The bibliography states that if q is a symmetric distribution the ratio q(x|y)/q(y|x) becomes 1 and the algorithm is called Metropolis. Is that correct?
Yes, this is correct. The Metropolis algorithm is a special case of the MH algorithm.
What about "Random Walk" Metropolis(-Hastings)? How does it differ from the other two?
In a random walk, the proposal distribution is re-centered after each step at the value last generated by the chain. Generally, in a random walk the proposal distribution is gaussian, in which case this random walk satisfies the symmetry requirement and the algorithm is metropolis. I suppose you could perform a "pseudo" random walk with an asymmetric distribution which would cause the proposals too drift in the opposite direction of the skew (a left skewed distribution would favor proposals toward the right). I'm not sure why you would do this, but you could and it would be a metropolis hastings algorithm (i.e. require the additional ratio term).
How does it differ from the other two?
In a non-random walk algorithm, the proposal distributions are fixed. In the random walk variant, the center of the proposal distribution changes at each iteration.
What if the proposal distribution is a Poisson distribution?

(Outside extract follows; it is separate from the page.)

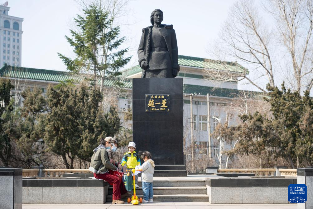4月8日,在位于哈尔滨市南岗区一曼街上的一曼公园内,家长带着孩子在赵一曼塑像旁享受休闲时光。新华社记者 谢剑飞 摄

Then you need to use MH instead of just metropolis. Presumably this would be to sample a discrete distribution, otherwise you wouldn't want to use a discrete function to generate your proposals.
In any event, if the sampling distribution is truncated or you have prior knowledge of its skew, you probably want to use an asymmetric sampling distribution and therefore need to use metropolis-hastings.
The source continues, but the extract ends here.